Here's a thought experiment:
Cost of one (1) acoustic switch to turn off oil well in case of an accident: $500,000.
Cost of cleanup of entire Gulf of Mexico and related shorelines: $???,000,000.
Where do you think the money will come from to pay for this disaster's cleanup? Because, BP, like all of those other charitable, philanthropic and eco-friendly oil companies, would NEVER think of raising prices to cover their own azzes in this.
But, over here, well... it was deemed too expensive by BP.
Do a google search for 'acoustic switch' or 'lax offshore drilling regulatory oversight'. I can't be responsible if you start punching your computer monitor.
speechless. 500K is too much money?? thats a joke. This is a criminal act
"Friends don't let friends roll around in trash cans" - OSO Steve
"When a drill rig is drilling a well, there is always a device called a BOP, (Blow out Preventor) on the seabed on top of the well. This is a large unit weighting tens of tons that is a safety device to close in the well if there is a problem. It is connected to the drill rig control systems, especially the emergency systems. If there is a rig emergency, or if someone hits an emergency shut down button on the drill rig, then the BOP will close and lock in the pressure in the well. In this way the oil or gas is not allowed to release. The valves on the BOP are controlled by hydraulic fluid under pressure. Part of it design is that loss of pressure will automatically close the valves and shut in the well.
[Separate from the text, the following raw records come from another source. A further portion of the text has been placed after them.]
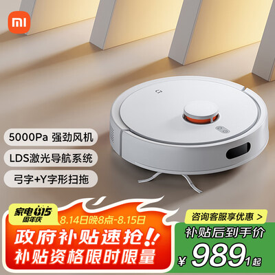 米家小米扫地机器人3C增强版智能家用大吸力吸尘器激光导航全自动扫拖一体机 擦地拖地洗地机吸尘器 目前活动价:989.1元!
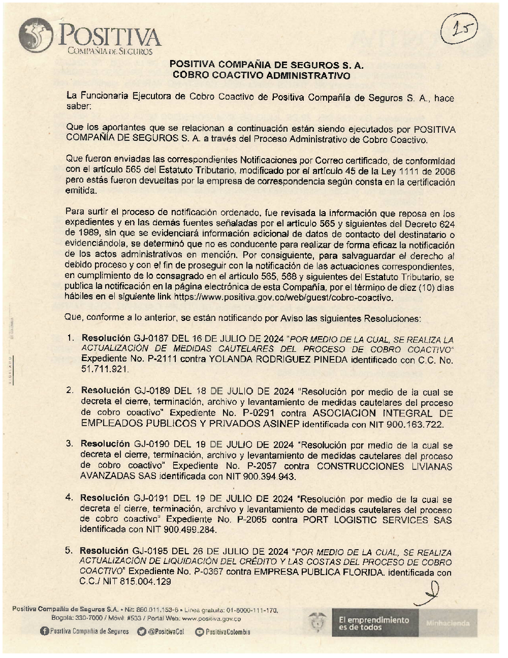 Si culminó la etapa de notificaciones por correo certificado de las actuaciones, pero estás fueron devueltas por la empresa de correspondencia podrás encontrarlas a continuación, esto con el fin de surtir el proceso de notificación ordenado y el derecho al debido proceso para continuar con la notificación de las actuaciones correspondientes en cumplimiento de lo consagrado en los artículos 565, 568 y siguientes del Decreto 624 de 1989 (Estatuto Tributario). Se publica la notificación en la página electrónica de Positiva Compañía de Seguros, por el término de diez (10) días hábiles.
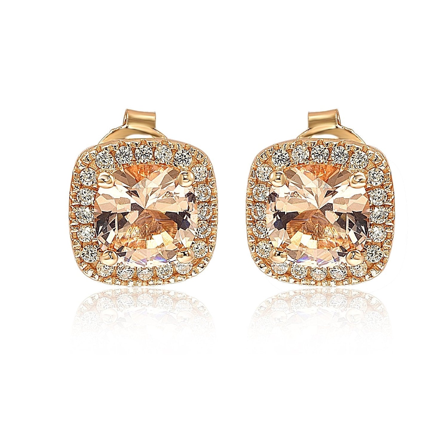 Suzy Levian Rose Sterling Silver Cushion Cut Morganite Cubic Zirconia Halo Studs
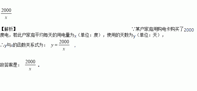 某户家庭用购电卡购买了2 000度电,若此户家庭平均每天的用电量为x(单位:度),这2 000度电能够使用的天数为y(单位:天),则y与x的函数关系式为y=__________.
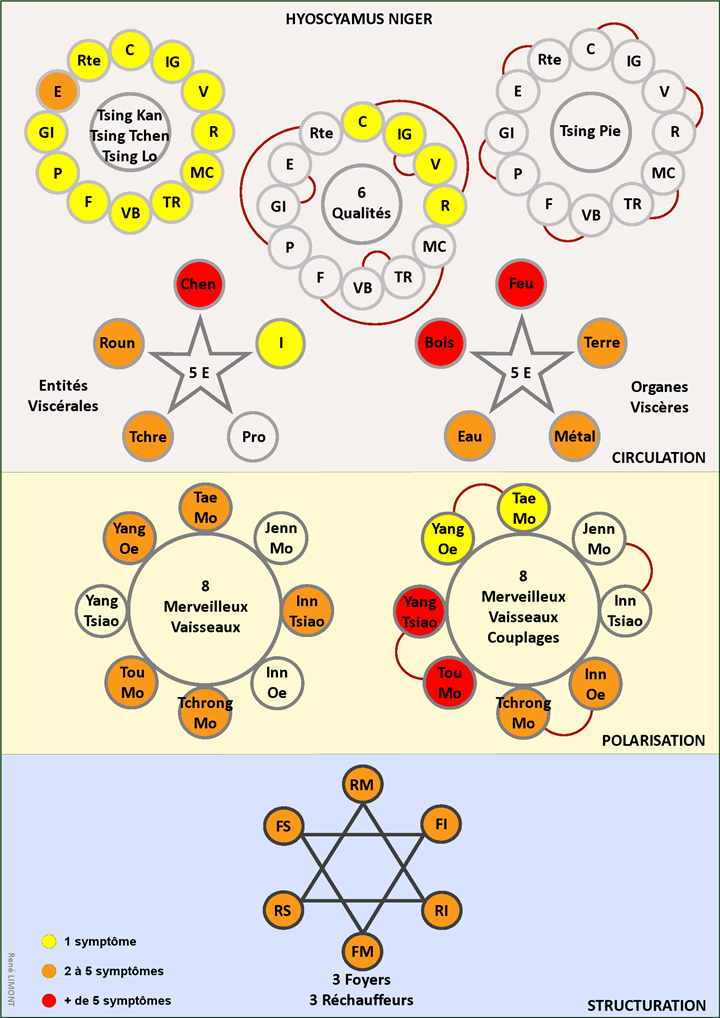 Le couple [Tou Mo - Yang Tsiao Mo] est fortement impacté : atteinte du Système Nerveux (cerveau et système nerveux moteur). Nous y retrouvons de nombreux symptômes caractéristiques des malades Hyoscyamus niger : troubles moteurs, sensitifs (perversion des perceptions) et psychologiques aussi.
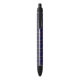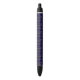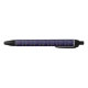 The image displays a pen with a black tip and clicker. The barrel is covered in a dark purple, textured pattern featuring small, colorful dots. The pen is shown from both front and bottom views against a white background, highlighting its design.
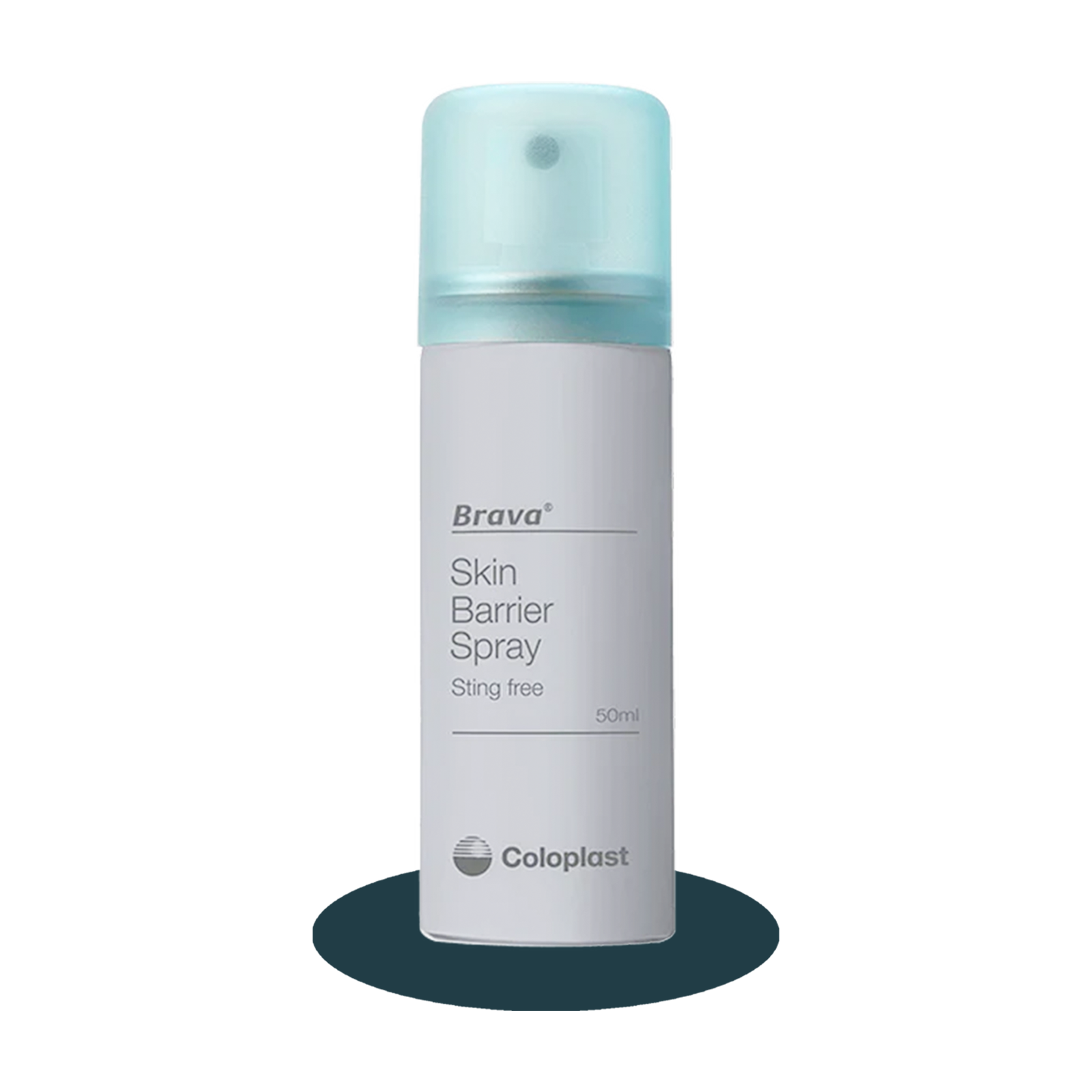 Coloplast Brava® Skin Barrier Spray forms a protective, no-sting film on peristomal skin, helping prevent irritation and improving ostomy barrier adhesion for lasting comfort.
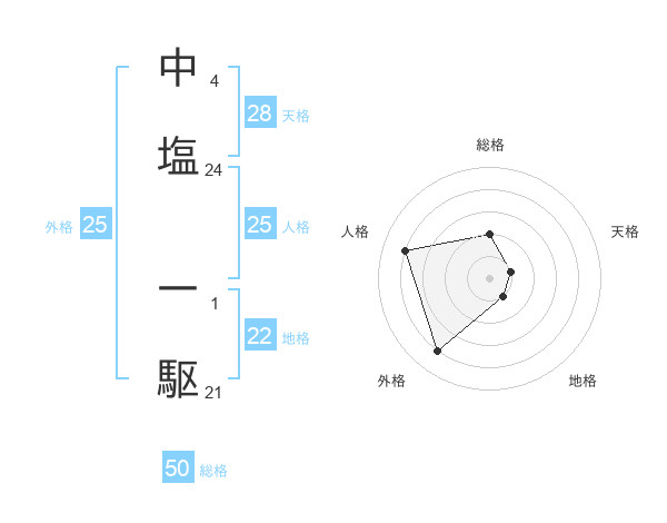 中塩 一駆さんを姓名の画数から五運を鑑定
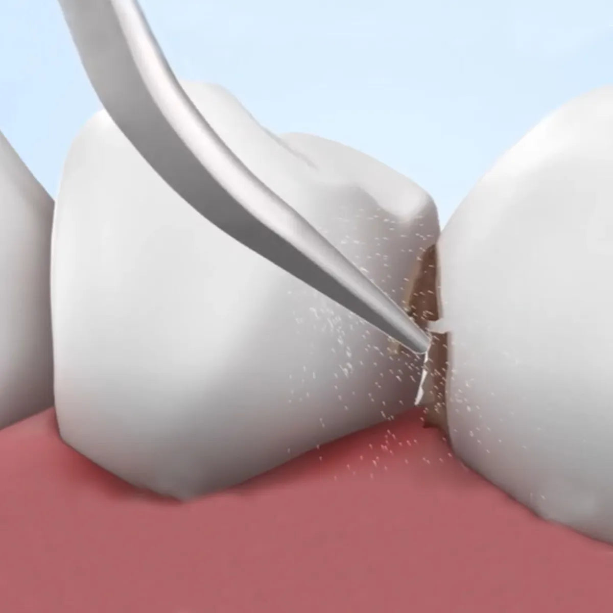 - Glide the tip along the surfaces, including interproximal and sulcus areas, using a sweeping motion to effectively remove calculus and plaque

An acoustic switch is like a remote closure device for wells being drilled. If it cannot be commanded to close from the rig, then they can trigger the acoustic switch from the surface which sends a signal to the BOP as a low frequency sound frequency to close. The cost of an acoustic switch is in the order of US$500,000.
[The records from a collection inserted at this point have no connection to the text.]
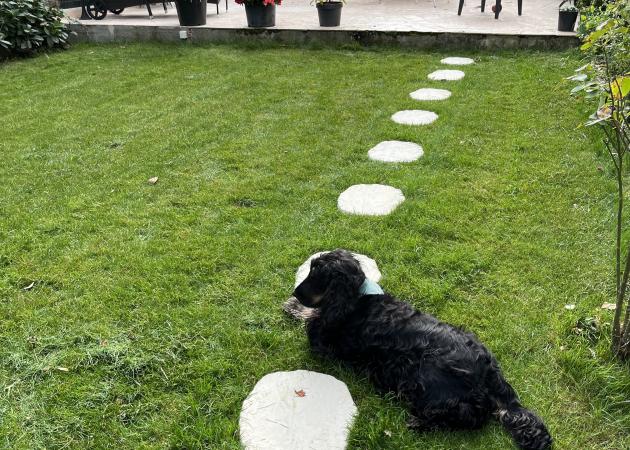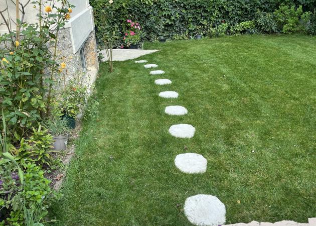 La maison est dans un écrin de verdure . Belle terrasse a partager avec nous.
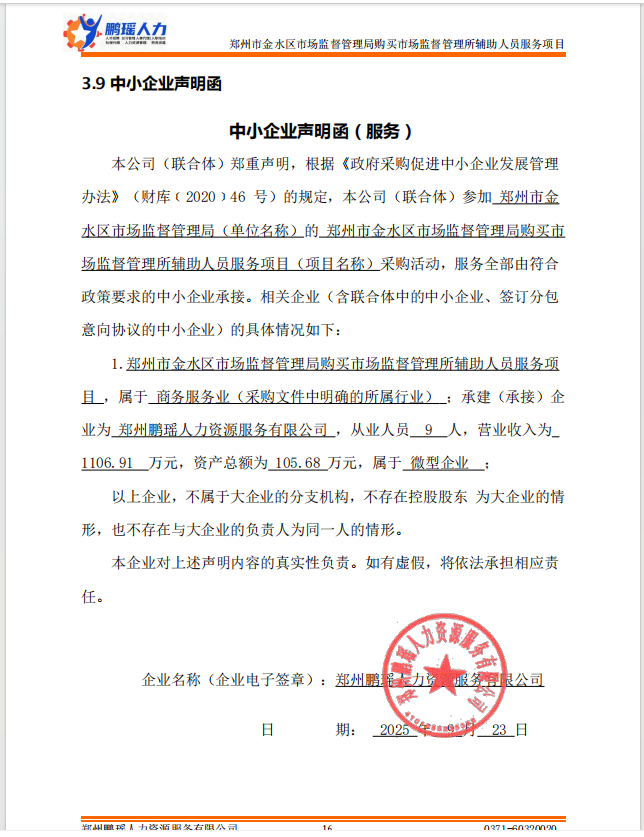郑州市金水区市场监督管理局购买市场监督管理所辅助人员服务项目*中标公告
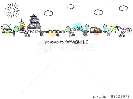 夏の山口県の観光地の街並みと太陽のシンプル線画セット
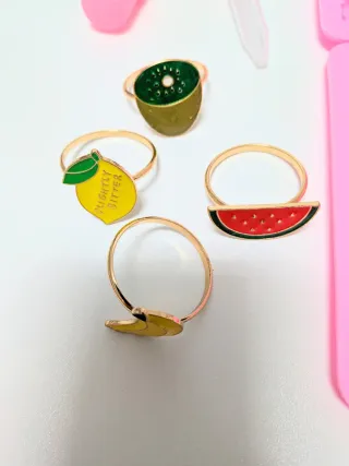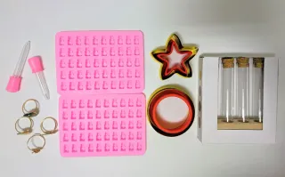 Lote compuesto por: - Dos moldes de silicona de ositos para gominolas o chocolate, con sus correspondientes pipetas. - 4 servilleteros en forma de anillas doradas con frutas. - 2 moldes cortadores, uno de estrella y otro circular. - Set de 4 tarros para especias.
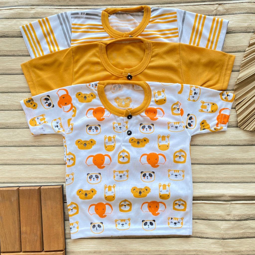 isi 3 Pcs Setelan Bayi Usia 3-12 Bulan Lengan Pendek Celana Pendek Kancing Depan Bayi Laki Laki Perempuan Baju Bayi Hari
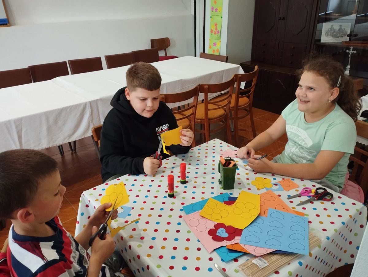 Deti na besiedke pripravili ku dňu matiek malé prekvapenie. Na dvoch stretnutiach vyrábali papierové kvetinky. V druhú májovú nedeľu 12. 5. ich po službách Božích rozdávali mamičkám, babičkám či krstným mamám, ktoré boli v kostole v Santovke. Ďakujeme za milý darček :) A tým besiedkarom, ktorí nemohli kvôli chorobe prísť, želáme skoré uzdravenie.
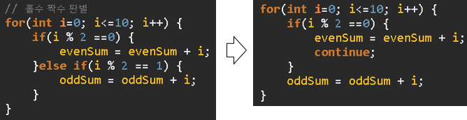 ex) continue를 통한 간결한 코드
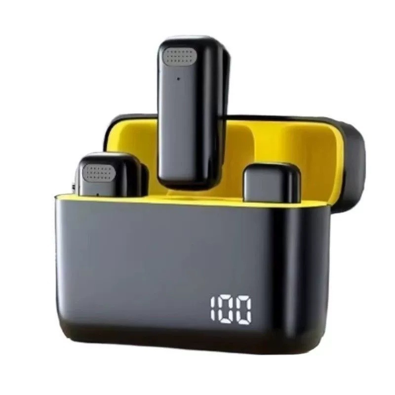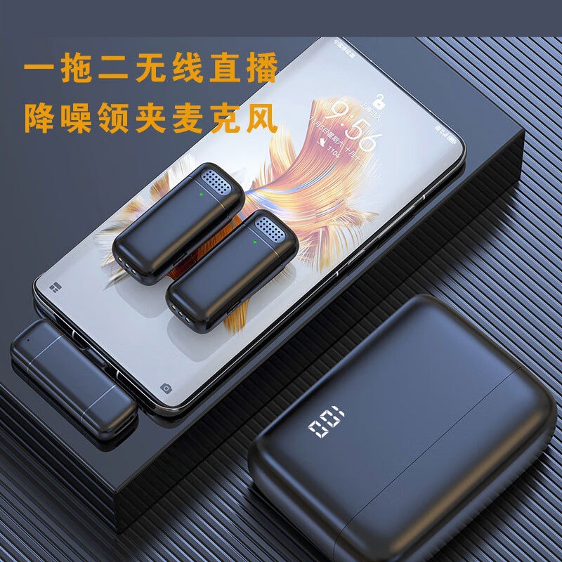 Беспроводной петличный микрофон (два в одном) с зарядным кейсом, цифровым дисплеем, шумоподавлением для улицы, для прямых трансляций.
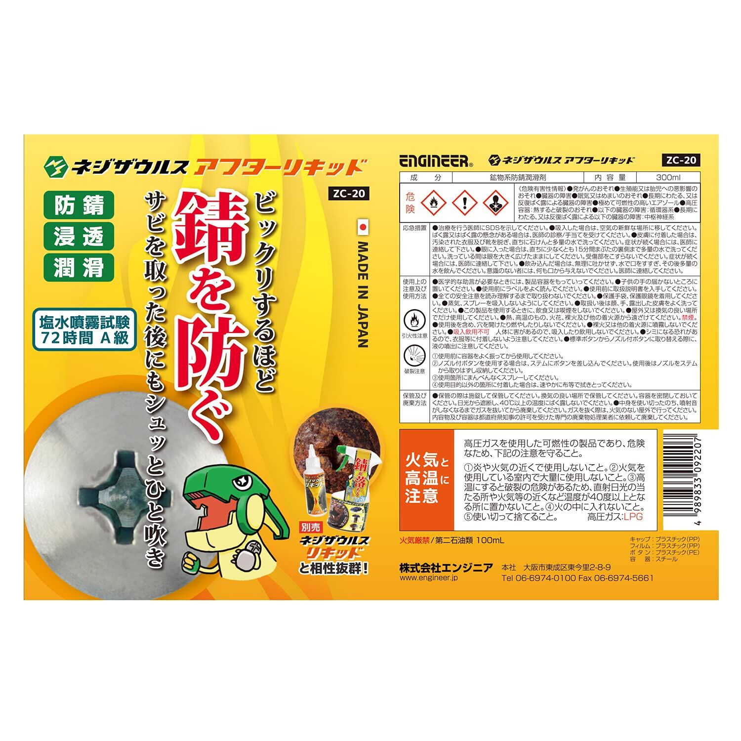 ENGINEER エンジニア ネジザウルスアフターリキッド 防錆・浸透・潤滑剤 塩水噴霧試験72時間A級 水置換性 耐樹脂性 スプレータイプ 300g ZC-20

In the case of the recent rig fire in Gulf of Mexico, it appears that the collapse of the riser structure from the seabed to the rig crimped shut the hydraulic lines to the BOP and so it did not close as it should have. They tried to close it manually with an ROV but were not able to. Possibly there was a drill pipe joint right in the point in the BOP where it would normally cut through the drill pipe to seal the well.
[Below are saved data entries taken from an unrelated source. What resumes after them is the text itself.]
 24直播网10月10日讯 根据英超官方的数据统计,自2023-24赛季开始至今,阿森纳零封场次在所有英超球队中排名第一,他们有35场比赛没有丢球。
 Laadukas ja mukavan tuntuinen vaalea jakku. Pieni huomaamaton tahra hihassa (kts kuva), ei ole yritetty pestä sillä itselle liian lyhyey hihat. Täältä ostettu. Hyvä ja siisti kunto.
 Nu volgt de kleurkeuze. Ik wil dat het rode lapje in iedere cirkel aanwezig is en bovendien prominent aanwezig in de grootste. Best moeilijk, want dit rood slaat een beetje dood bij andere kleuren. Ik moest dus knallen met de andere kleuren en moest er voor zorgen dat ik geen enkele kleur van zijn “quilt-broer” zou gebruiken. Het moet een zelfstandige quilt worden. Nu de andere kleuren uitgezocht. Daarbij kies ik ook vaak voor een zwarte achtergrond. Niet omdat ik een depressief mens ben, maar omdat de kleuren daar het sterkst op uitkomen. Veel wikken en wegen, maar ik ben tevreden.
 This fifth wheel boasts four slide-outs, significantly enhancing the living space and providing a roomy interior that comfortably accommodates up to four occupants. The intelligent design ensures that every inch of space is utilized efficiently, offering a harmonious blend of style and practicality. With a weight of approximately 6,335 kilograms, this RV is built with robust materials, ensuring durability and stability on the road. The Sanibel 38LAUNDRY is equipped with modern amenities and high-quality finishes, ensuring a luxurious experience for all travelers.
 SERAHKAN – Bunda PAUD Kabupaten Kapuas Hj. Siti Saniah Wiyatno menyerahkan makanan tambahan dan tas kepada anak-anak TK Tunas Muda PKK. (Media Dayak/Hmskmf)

That being the case, it is unlikely an acoustic switch would have made any difference. In fact, there has to my knowledge never been in instance where an acoutic switch has been used to shut a well. It has always been shut successfully by the rig systems before that became necessary.
The reason that it has never been made mandatory in US rigs is that the oil lobby in US is very powerfull, and they have lobbyed that it is not necessary. There are arguments both ways, but it comes down to cost, and the fact that US oil industry routinely makes dollars more important than lives or the environment, despite the great things they say about health, safety and environment. Governments such as Norway are far more genuine in their concern and protection in these matters."